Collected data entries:
* * *

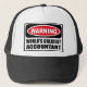 El gorra MÁS GRANDE del CONTABLE del MUNDO amonestador que usted puede modificar para requisitos particulares en www.WarningSignShirts.com y que ofrece una señal de peligro roja y negra y a un CONTABLE MÁS GRANDE del MUNDO de letras negras intrépidas de advertir el mundo. Usted puede también modificar su propio gorra de la señal para requisitos particulares de peligro con el texto que usted quiere.
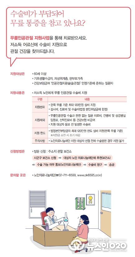(뉴스인020 = 김나현 기자) 무릎인공관절 지원사업을 통해 치료받으세요.
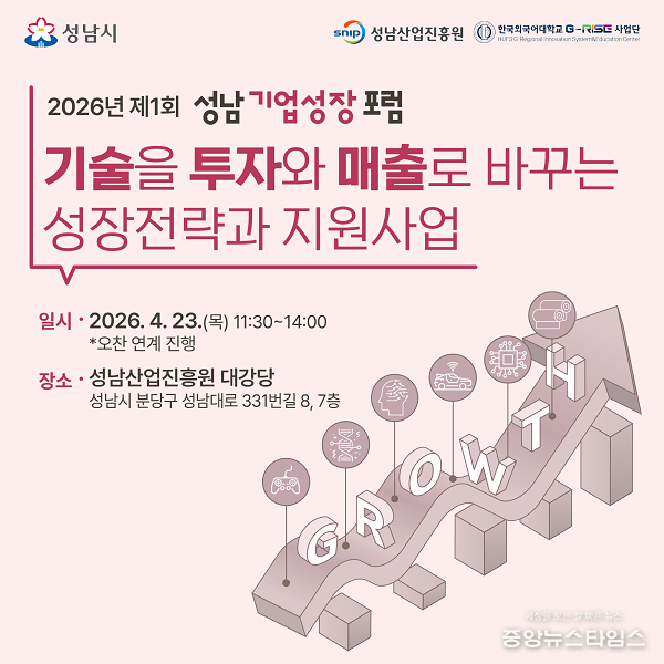 (중앙뉴스타임스 = 방재영 기자) 성남산업진흥원은 오는 4월 23일 11시 30분부터 성남산업진흥원 대강당에서 '2026년 제1회 성남기업성장포럼'을 개최한다고 30일 밝혔다. 이번 행사는 기술 기반 투자유치와 중동사태 대응 방안을 중심으로 성남 기업의 매출 성장과 글로벌 진출을 모색한다.
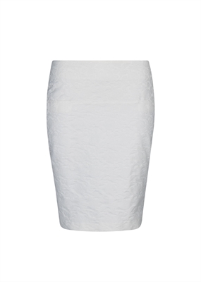 Falda entallada de tiro alto en tejido jacquard con diseño barroco. Dos bolsillos laterales, cierre de cremallera y abertura en la parte posterior y forro interior.
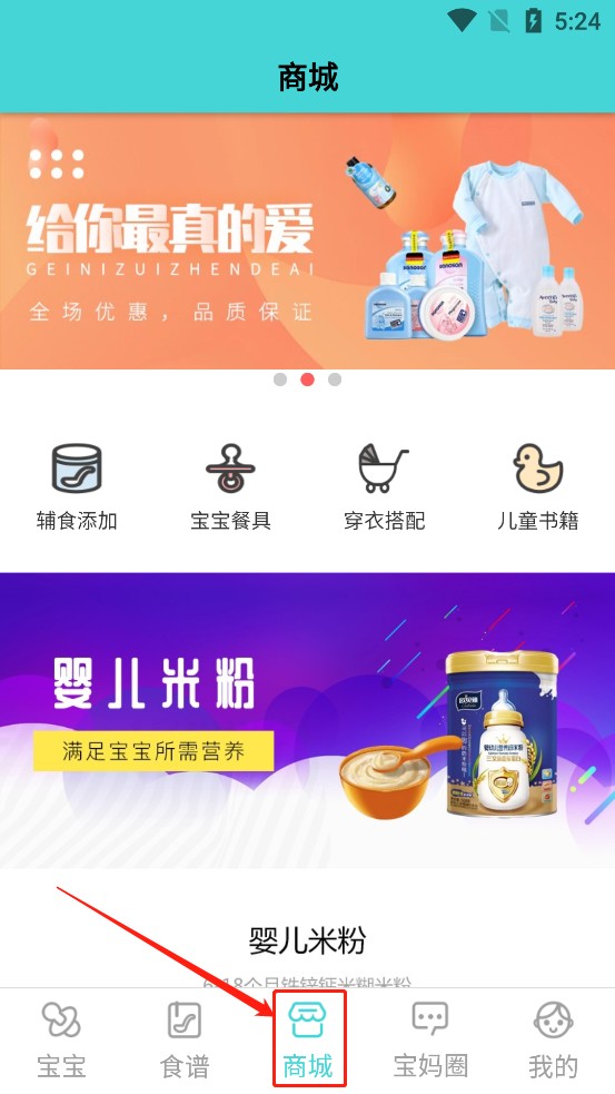 第一步:打开软件,点击“商城”(宝宝的辅食、辅食、书籍等也可以在该页面购买噢~)
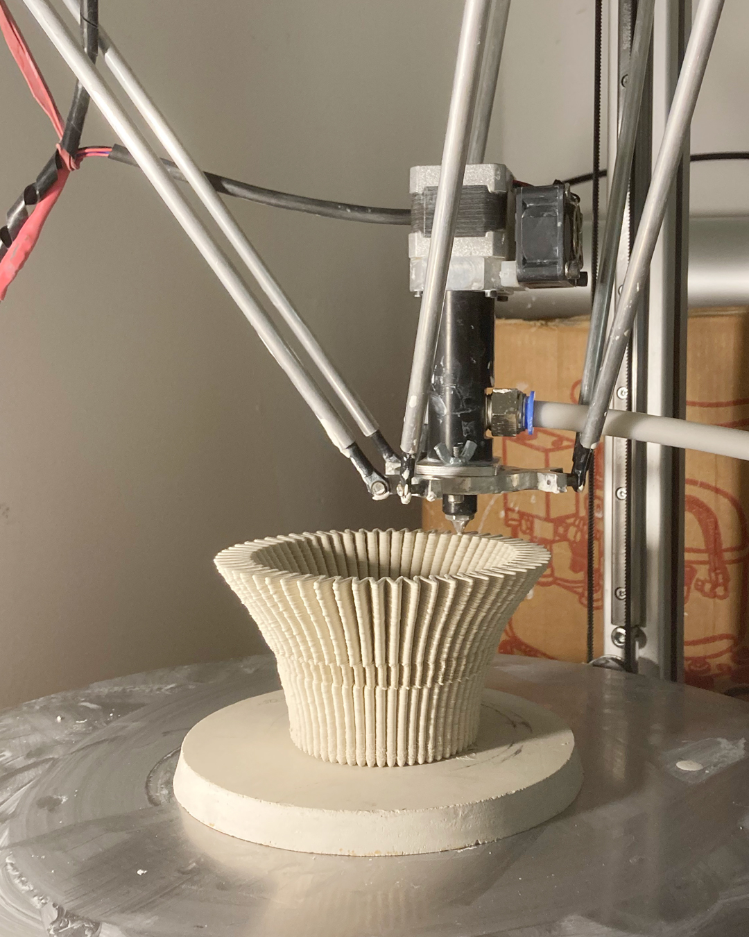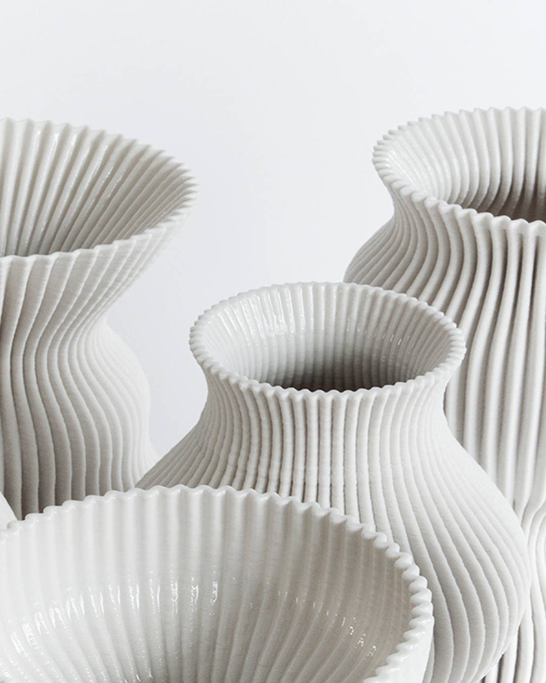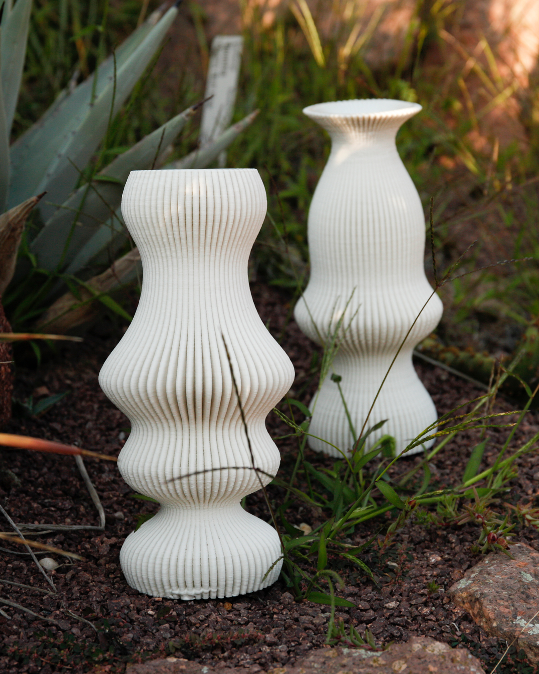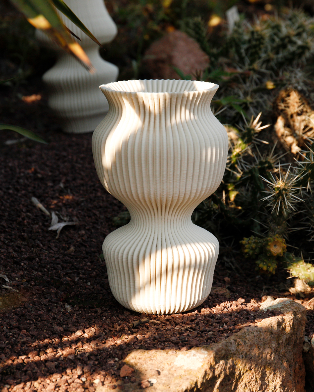 Stützstruktur – ein technischer Name, organische Formen, hergestellt im Keramik-3D-Druck. Dort ist das Drucken von Stützstrukturen problematisch, da diese im Nachhinein nicht ohne weiteres von dem Objekt zu lösen sind. Ohne Stützstruktur können gewisse Formen und Schrägen allerdings nicht gedruckt werden, da die Masse an kritischen Stellen instabil wird und einfallen würde. Ein digitales Werkzeug analysiert das Objekt auf mögliche Schwachstellen und fügt eine Struktur hinzu, welche an entsprechenden Stellen stabilisiert. Der Algorithmus macht „undruckbare“ Formen druckbar. Durch diesen funktionalen Ansatz entsteht eine ganz eigene Objektästhetik – ein funktionales Ornament und eine Serie, die ständig wächst, so wie die Kakteen im botanischen Garten.
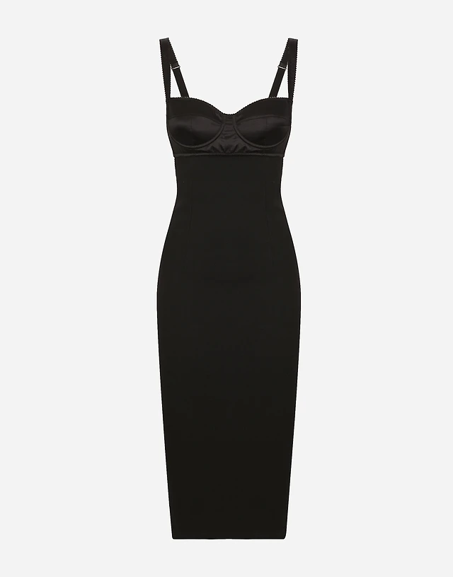 Calf-length jersey and lace dress with corset details
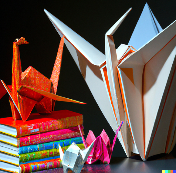 מימין: קיפול אוריגמי של עגור (הוראות); אייל לבן זנב, עיצוב: רוברט לאנג (תבנית הקפלים); אוריגמי תבניות חזרתיות | צילומים: Tiger Images, DenisProduction.com, Shutterstock
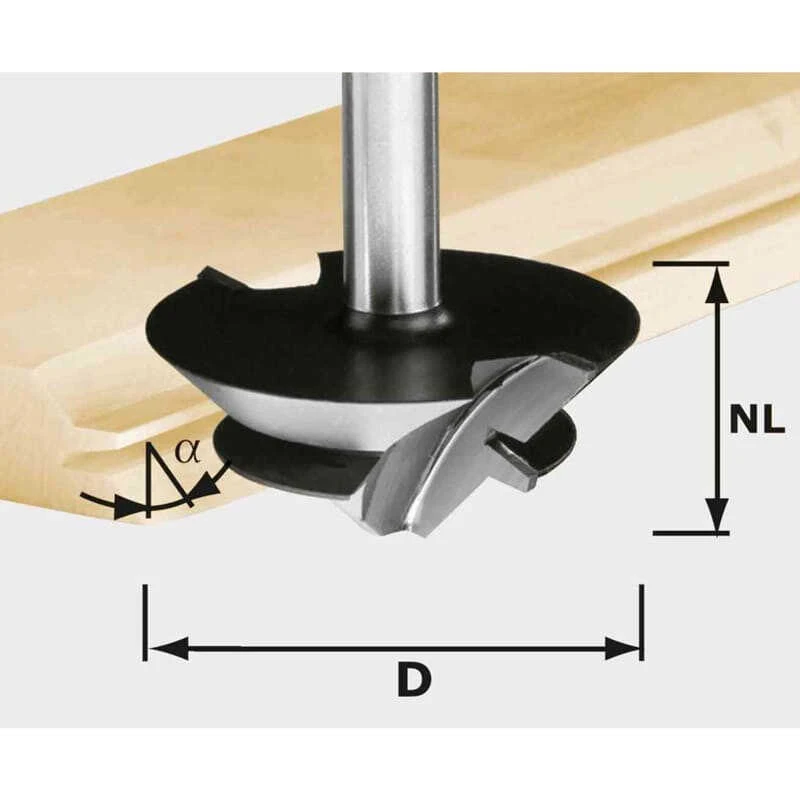 Cette fraise à abouter les onglets permet de coller corps de meuble et tiroirs, de façon sûre et sans décalage latéral.
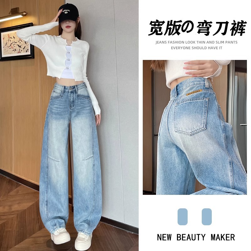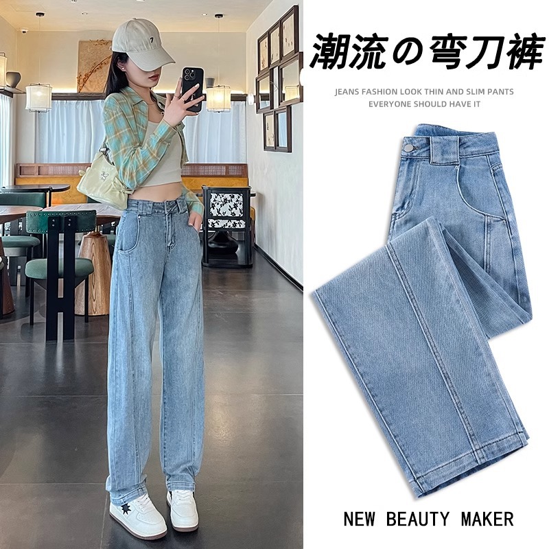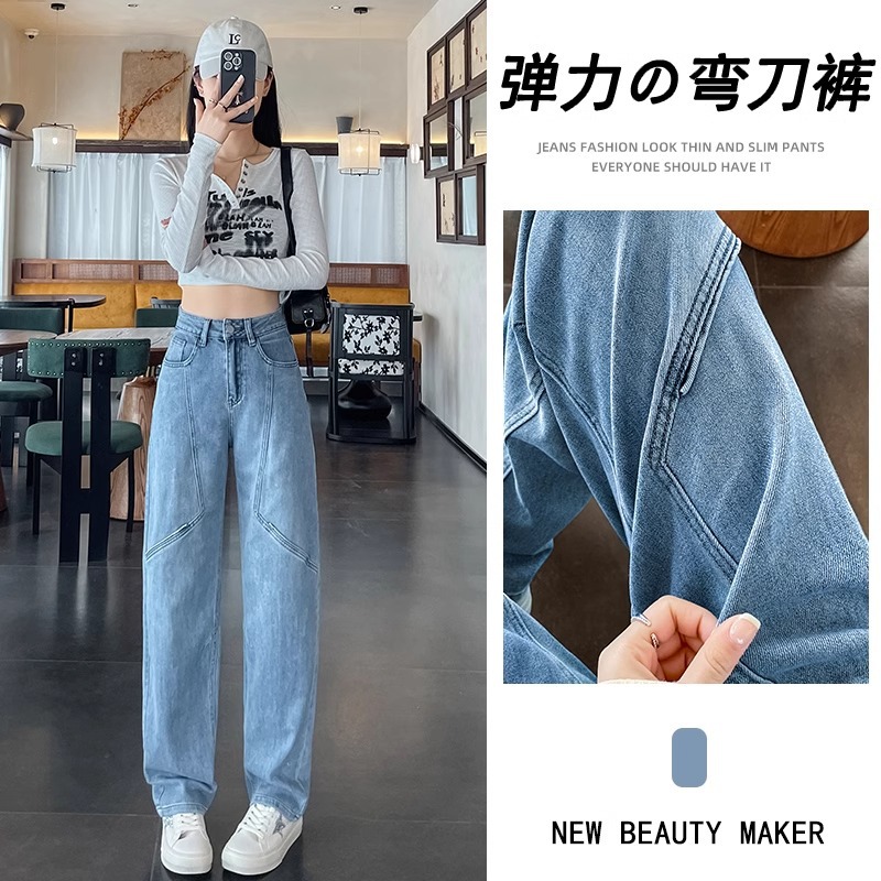空の青いハレンジーンズの女性2025春の服装の弾力性は小さい背の狭い版の曲がった刀のズボンの潮牌の鎌のズボンをつなぎ合わせます。
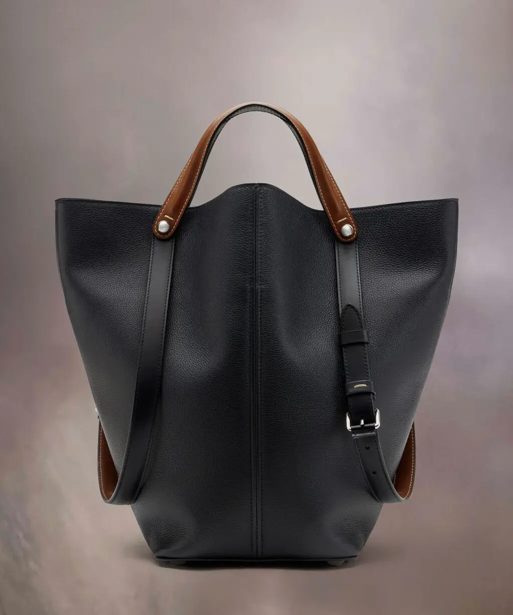 台形型のシルエットに、2WAY仕様のコントラストストラップを組み合わせることで、実用性とモード感を両立。
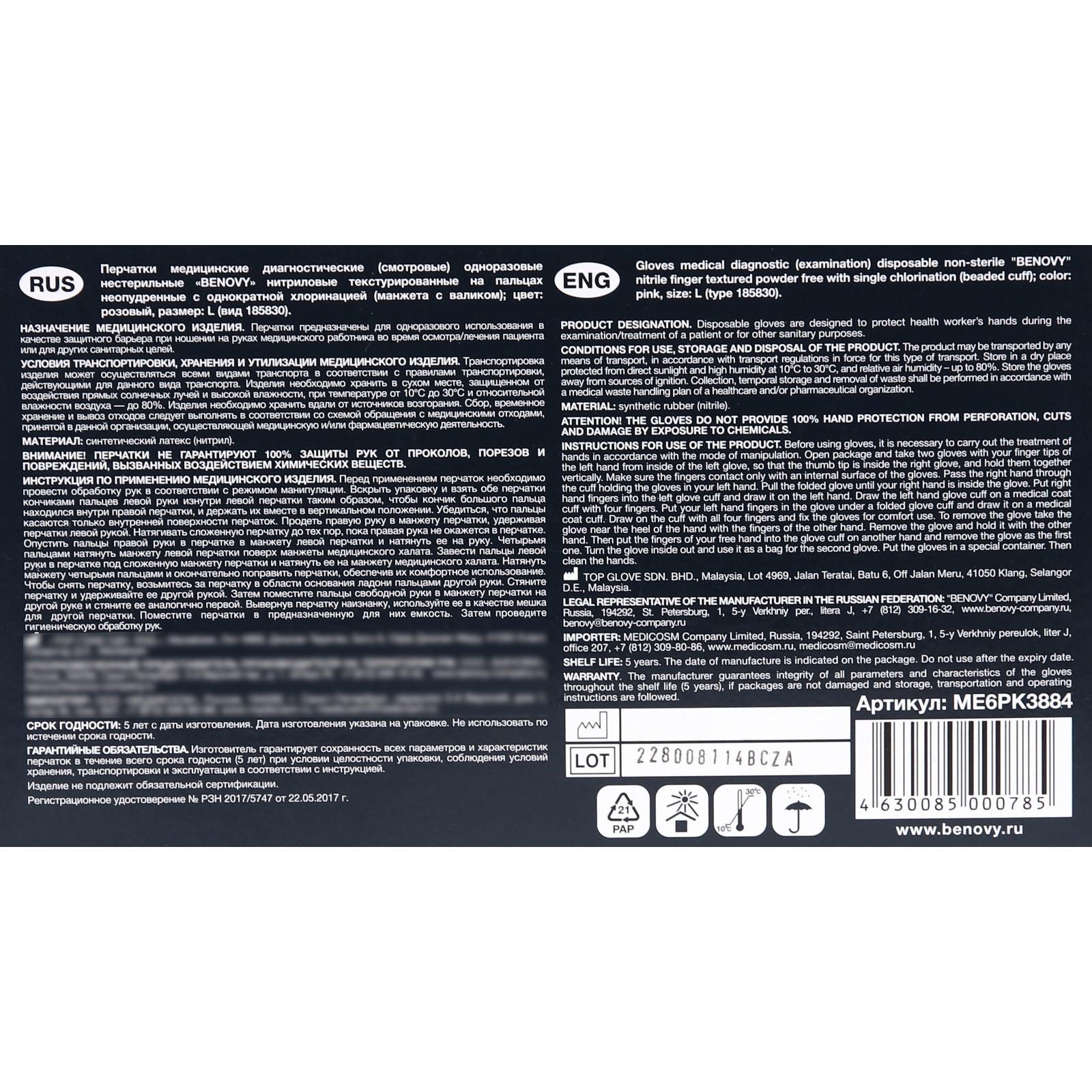 Перчатки медицинские нитриловые нестерильные текстурированные розовые Benovy L широко используются в медицине, в сфере красоты, в быту. Предпочтительны для использования мастерами маникюра, депиляции и косметологов.

* * *

Type the records out again in full, exactly, with each picture omitted.

 El gorra MÁS GRANDE del CONTABLE del MUNDO amonestador que usted puede modificar para requisitos particulares en www.WarningSignShirts.com y que ofrece una señal de peligro roja y negra y a un CONTABLE MÁS GRANDE del MUNDO de letras negras intrépidas de advertir el mundo. Usted puede también modificar su propio gorra de la señal para requisitos particulares de peligro con el texto que usted quiere.
(뉴스인020 = 김나현 기자) 무릎인공관절 지원사업을 통해 치료받으세요.
 (중앙뉴스타임스 = 방재영 기자) 성남산업진흥원은 오는 4월 23일 11시 30분부터 성남산업진흥원 대강당에서 '2026년 제1회 성남기업성장포럼'을 개최한다고 30일 밝혔다. 이번 행사는 기술 기반 투자유치와 중동사태 대응 방안을 중심으로 성남 기업의 매출 성장과 글로벌 진출을 모색한다.
 Falda entallada de tiro alto en tejido jacquard con diseño barroco. Dos bolsillos laterales, cierre de cremallera y abertura en la parte posterior y forro interior.
 第一步:打开软件,点击“商城”(宝宝的辅食、辅食、书籍等也可以在该页面购买噢~)
 Stützstruktur – ein technischer Name, organische Formen, hergestellt im Keramik-3D-Druck. Dort ist das Drucken von Stützstrukturen problematisch, da diese im Nachhinein nicht ohne weiteres von dem Objekt zu lösen sind. Ohne Stützstruktur können gewisse Formen und Schrägen allerdings nicht gedruckt werden, da die Masse an kritischen Stellen instabil wird und einfallen würde. Ein digitales Werkzeug analysiert das Objekt auf mögliche Schwachstellen und fügt eine Struktur hinzu, welche an entsprechenden Stellen stabilisiert. Der Algorithmus macht „undruckbare“ Formen druckbar. Durch diesen funktionalen Ansatz entsteht eine ganz eigene Objektästhetik – ein funktionales Ornament und eine Serie, die ständig wächst, so wie die Kakteen im botanischen Garten.
 Calf-length jersey and lace dress with corset details
 מימין: קיפול אוריגמי של עגור (הוראות); אייל לבן זנב, עיצוב: רוברט לאנג (תבנית הקפלים); אוריגמי תבניות חזרתיות | צילומים: Tiger Images, DenisProduction.com, Shutterstock
 Cette fraise à abouter les onglets permet de coller corps de meuble et tiroirs, de façon sûre et sans décalage latéral.
空の青いハレンジーンズの女性2025春の服装の弾力性は小さい背の狭い版の曲がった刀のズボンの潮牌の鎌のズボンをつなぎ合わせます。
 台形型のシルエットに、2WAY仕様のコントラストストラップを組み合わせることで、実用性とモード感を両立。
 Перчатки медицинские нитриловые нестерильные текстурированные розовые Benovy L широко используются в медицине, в сфере красоты, в быту. Предпочтительны для использования мастерами маникюра, депиляции и косметологов.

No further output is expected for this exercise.